Персонажи г-на Кладеля не боятся никаких признаний, они выставляют себя напоказ в поучительной наготе. Женщины — одна из них благодаря животной податливости, а быть может, и никчемности в глазах очарованного любовника предстает неким лжесфинксом; вторая, претенциозная модистка, подстегивает свое воображение жоржсан-довской крапивой — благоговеют перед высшим обществом и обращаются друг к другу не иначе как «мадам» (!). Двое любовников убивают вечер в «Варьете» на представлении «Жизни богемы»; возвратись к себе в логово, они бранятся в стиле пьесы; более того, каждый из них, забыв про собственную индивидуальность, а верней, отождествляя себя с наиболее полюбившимся персонажем, не имеет ничего против того, что его называют именем этого персонажа; ни один из них даже не заметил произошедшего переряживания. Вот так Мюрже (несчастная тень!) превратился в посредника подмены, в словарь языка богемы, в «Полный письмовник влюбленных» года Господня 1861. Не думаю, что после такого примера можно будет оспорить мое утверждение об убийственной силе г-на Кладеля как карикатуриста. Еще пример: Альпеньян, первый в этой когорте смешных мучеников (необходимо все время возвращаться к названию), однажды, чтобы отвлечься от непереносимых огорчений, которые причиняют ему собственные дурные привычки, праздность и бесцельная мечтательность, вздумал предпринять самое странное паломничество, какое только возможно найти среди безумных религий, придуманных ленивыми и ни на что не способными отшельниками. Любовь, то есть разврат, разгул, вознесенный до ранга антирелигии, не принесла ему ожидаемой награды; Альпеньян жаждет славы и, бродя по кладбищам, молится перед памятниками опочивших великих; он целует их бюсты, умоляя открыть свою тайну, свою величайшую тайну: «Что сделать, чтобы стать столь же великими, как вы?» Окажись статуи благожелательными советчиками, они ответили бы ему: «Вернуться домой, размышлять и исписывать горы бумаги». Но такой простой способ недостижим для истерического мечтателя. Суеверие кажется ему куда естественней. Право же, это столь печально забавное изобретение заставляет вспомнить о новом календаре святых позитивистской школы.

Суеверие, сказал я. Оно играет огромную роль в одинокой внутренней трагедии бедняги Альпеньяна, и временами даже не без некоторой сладкой и мучительной растроганности следишь за его истерзанным разумом, когда самое что ни на есть ребяческое суеверие, смутно символизирующее, как и в мозгу любой нации, универсальную истину, сплавляется с чистейшим религиозным чувством и обращается к спасительным впечатлениям детства, Пречистой Деве Марии, придающему силы напеву колоколов, умиротворяющему сумраку церкви, к семье, к матери — к матери, этому прибежищу, всегда открытому для блудных сыновей, расточителей и неудачливых честолюбцев. Можно надеяться, что с этого момента Альпеньян наполовину спасен, ему остается лишь постепенно становиться человеком действия, человеком долга.

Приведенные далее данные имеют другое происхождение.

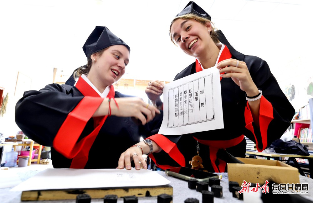 活动中,留学生们身着传统汉服,先学习木活字印刷的拜师礼,再在指导老师的带领下,一步步完成字库选字、挑选字模、涂抹墨汁、覆纸刷压等工艺。当一首首中国古诗词通过自己的双手跃然纸上,留学生们纷纷捧着作品相互展示,脸上满是喜悦。这场“行走的课堂”,不仅让他们亲手触摸到活字印刷的技艺,更真切感受到了中国非物质文化遗产的独特魅力。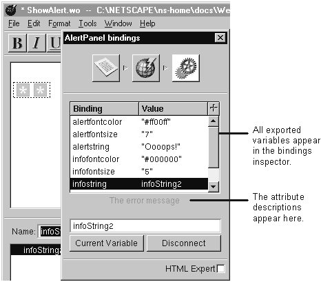 When you use one component (the child component) inside of another component (the parent component), the child component is treated as a dynamic element. Like most dynamic elements, the child component may have attributes that the parent component should bind to variables or methods from the parent's script. To make such a binding possible in WebObjects Builder, you must be able to see the child component's attributes in the bindings inspector when you inspect it from the parent component.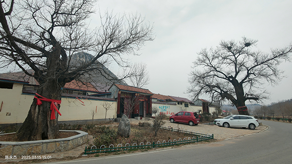 看完石柱子,上车继续沿河西行,至石柱子正南侧的小时家庄村西拐弯处,被两棵粗大的古槐吸引,再次停车。古树名木、珍稀大树也一直是自己喜欢的研究课题之一,作为生命延续至今的植物,它是历史的物质遗存,其中包含着重要的历史文化信息和环境变迁信息。它那精巧、生动的年轮结构,就像一面历史的明镜,给人们展示着它所经历的那些漫长岁月的气候、水文、地质、地理、生物、生态等变化情况。古树名木是“活的文物”“绿色古董”,所以我们每一个人都有责任去爱护珍惜这些珍贵的古树名木。近二十年来,专程或顺道实地查看了不少古树名木,2012年曾整理过一篇关于沂水县古树名木种类及其分布、保护的文字,至今看来,仍有意义。
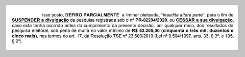 Saiu mais uma liminar suspendendo a divulgação de pesquisa eleitoral em Campo Mourão.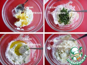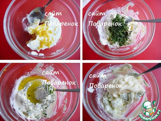 Для соуса смешать сливочный сыр, сок лимона,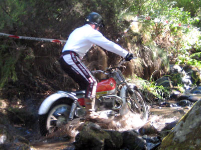El recorrido transcurría por el área de trial, a la cual podéis acudir en cualquier momento, contando con una vuelta a 19 zonas más una de repostaje y avituallamiento, y unos 20 kms de recorrido. La principal característica de este trial son sus zonas de agua, que este año pudieron disfrutarse más gracias a un caudal perfecto, aunque estaban más resbaladizas que nunca, por lo que algunos bromeaban con frases como "¿pero que pasa, es que echais aceite a las piedras?", "no, es que las pulimos bien para que estén brillantes", entre otras ocurrencias que muestran el ambiente amigable y distendido que reina siempre en los triales de clásicas, donde la competitividad, aunque presente, queda en segundo plano.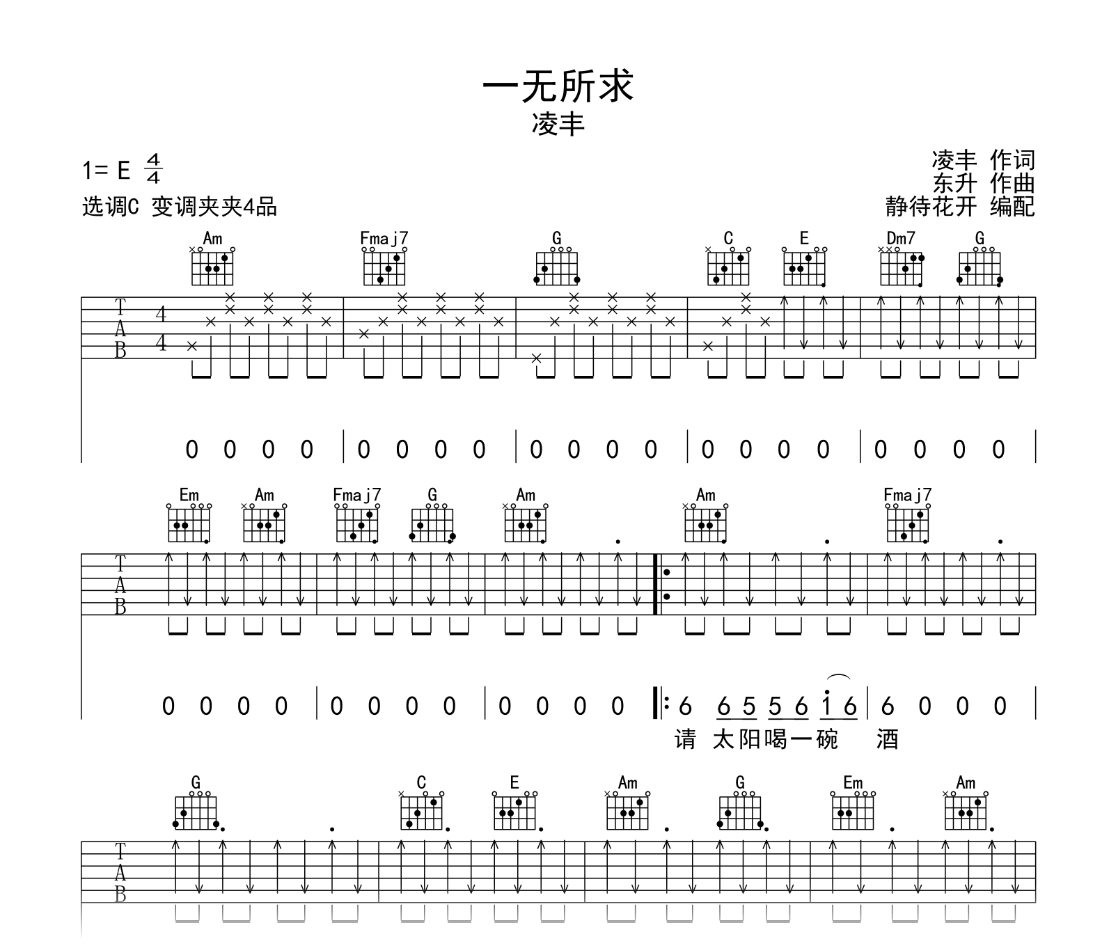 曲谱介绍: 一无所求吉他谱,凌丰演唱。《一无所求》吉他弹唱谱,原调E调,编配选用了C调和弦指法,变调夹夹第四品,也可以个人嗓音灵活调整变调夹位置,速度大约每分钟85拍,演奏难度简单。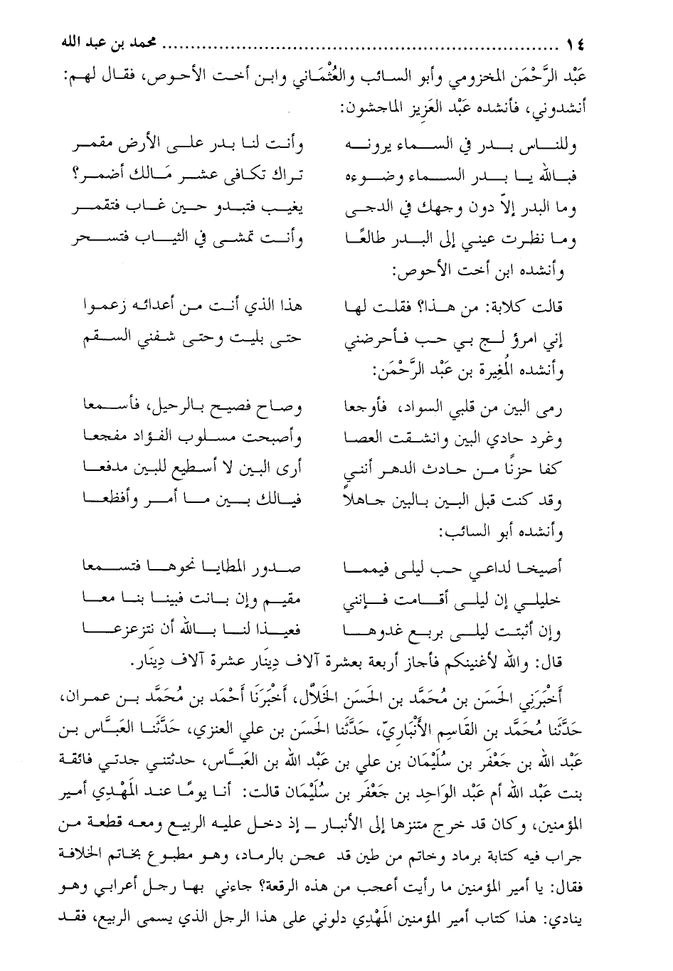 أنشدوني، فأنشده عبد العزيز الماجشون: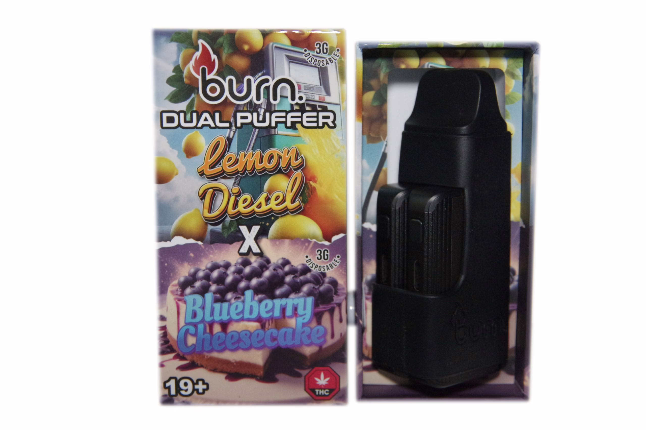Burn Dual Puffer Pen – Lemon Diesel 3g (S) + Blueberry Cheesecake 3g (H)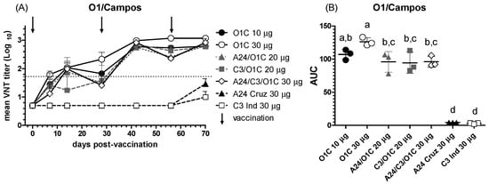 NAb responses against the O1/Campos strain. (A) Time course of the nAb titers in each experimental group; each line depicts mean antibody titers registered for each experimental group at the different time points. The dotted line denotes the EPP75 corresponding to the O1/Campos strain by VNT. Vaccination times are indicated by vertical arrows. (B) Overall neutralizing performance expressed as the mean AUC ± SD for each experimental group. Letters in the chart indicate significant differences between groups (1-way ANOVA p < 0.05; a > c, p < 0.01; a > d: p < 0.0001; b > d: p < 0.0001).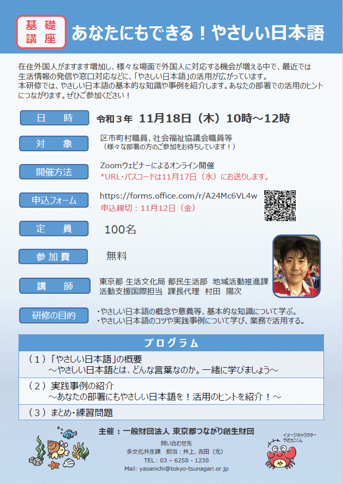 11月18日(木)に、東京都つながり創生財団が主催し、都内区市町村職員や、社会福祉協議会職員、東京都職員などを対象にしたやさしい日本語の基礎講座をオンラインにて実施しました。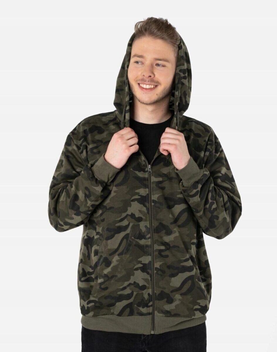 Sportowa bluza męska moro zasuwana na zamek z kapturem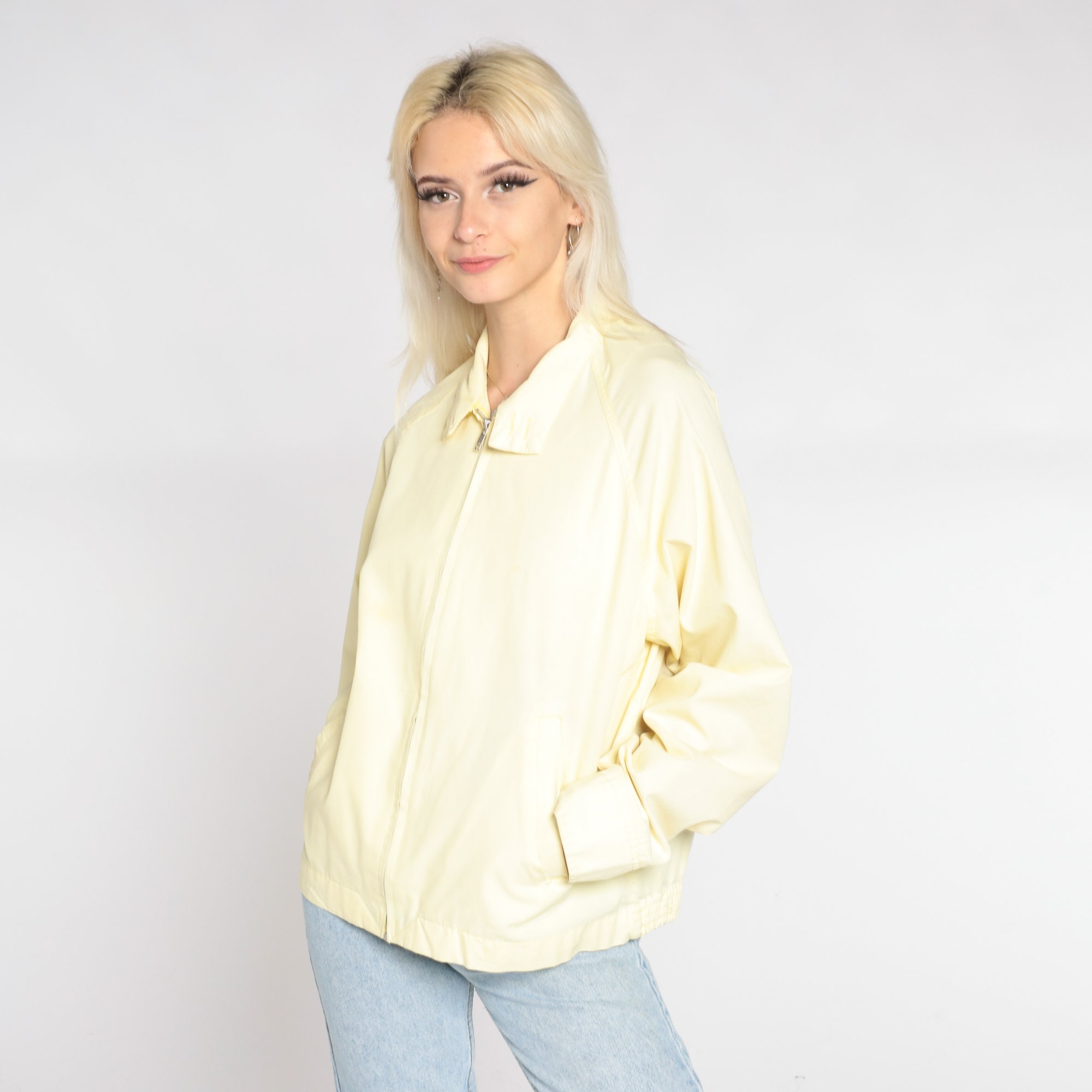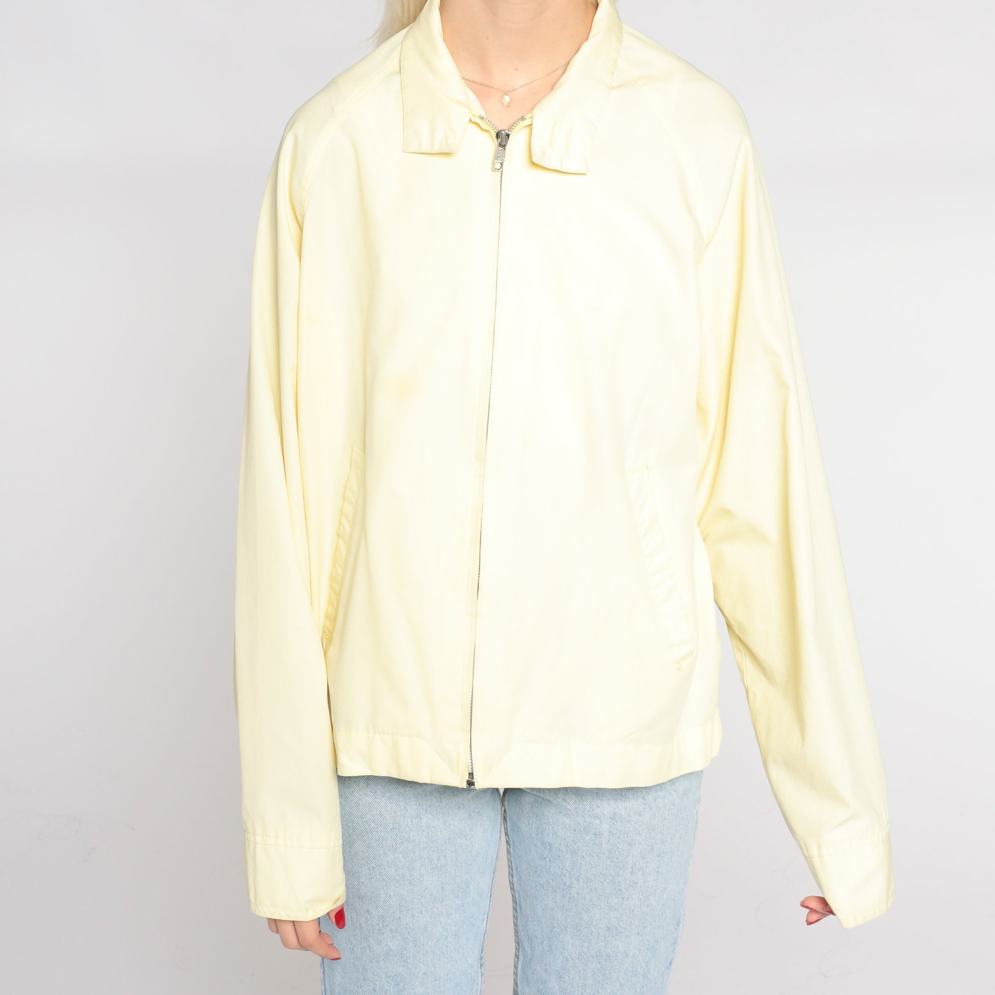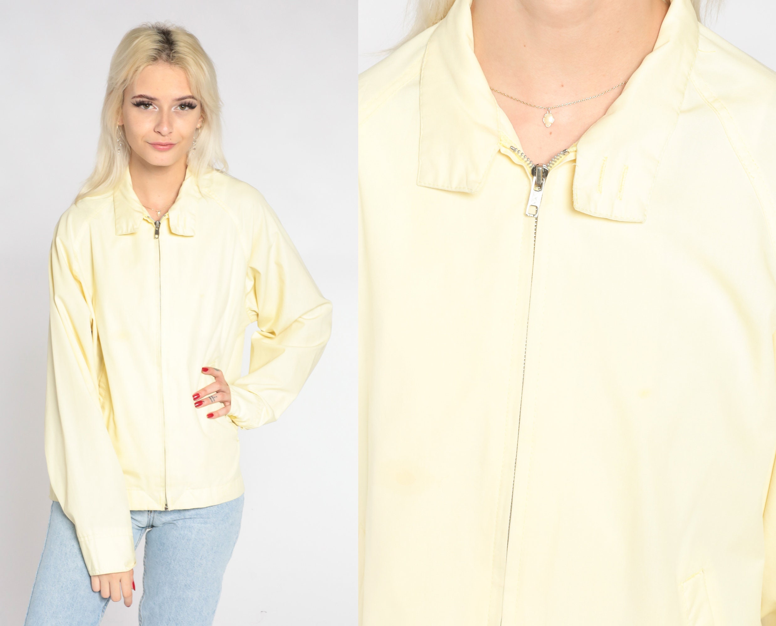 Vintage 80s jacket in yellow with a zipper up the front.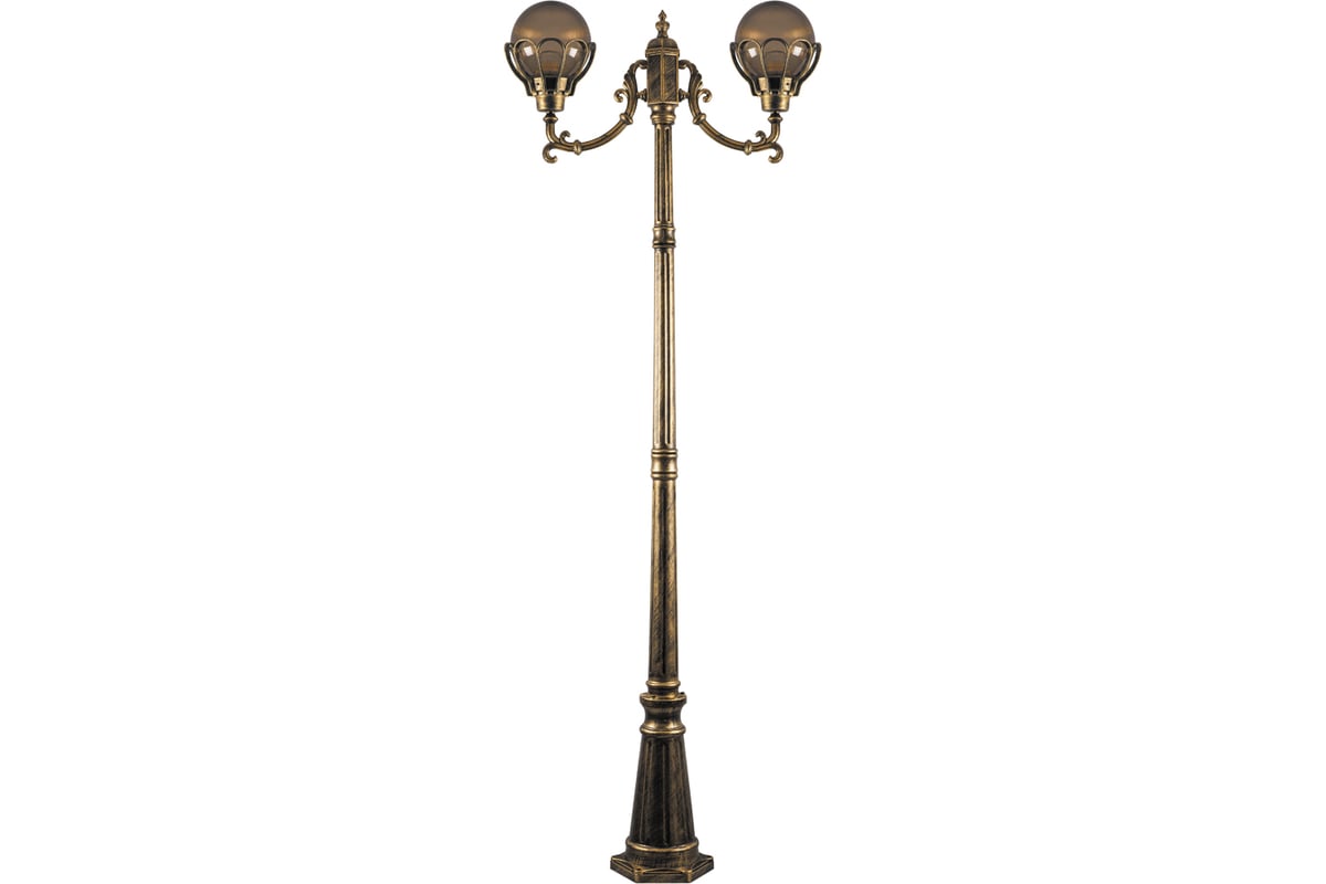 - Высокая степень пылевлагозащиты садово-паркового светильника, столб 2*60W E27 230V, черное золото Feron PL5048 11551 - IP44.

Многие верят, что сатиру творят со слезами, слезами искрометными и обращающимися в кристаллы. Если это так, да будут благословенны чудесные и редкостные слезы, дарующие возможность посмеяться, сверкание которых, кстати, свидетельствует о прекрасном здоровье автора.

Что же до морали книги, то она столь же естественно очевидна, как очевиден жар, исходящий от некоторых химических смесей. Дозволительно спаивать илотов, дабы исцелять от пьянства дворян.

Ну, а что до успеха, то в этом вопросе заранее предсказать ничего нельзя; скажу только, что желаю, чтобы он был, потому что тогда, быть может, автор получит от него новое побуждение творить; однако успех этот, который между прочим очень легко спутать с мимолетной модой, ни в чем не уменьшит то доброе, что эта книга позволила мне угадать в душе и таланте, совместно произведших ее на свет.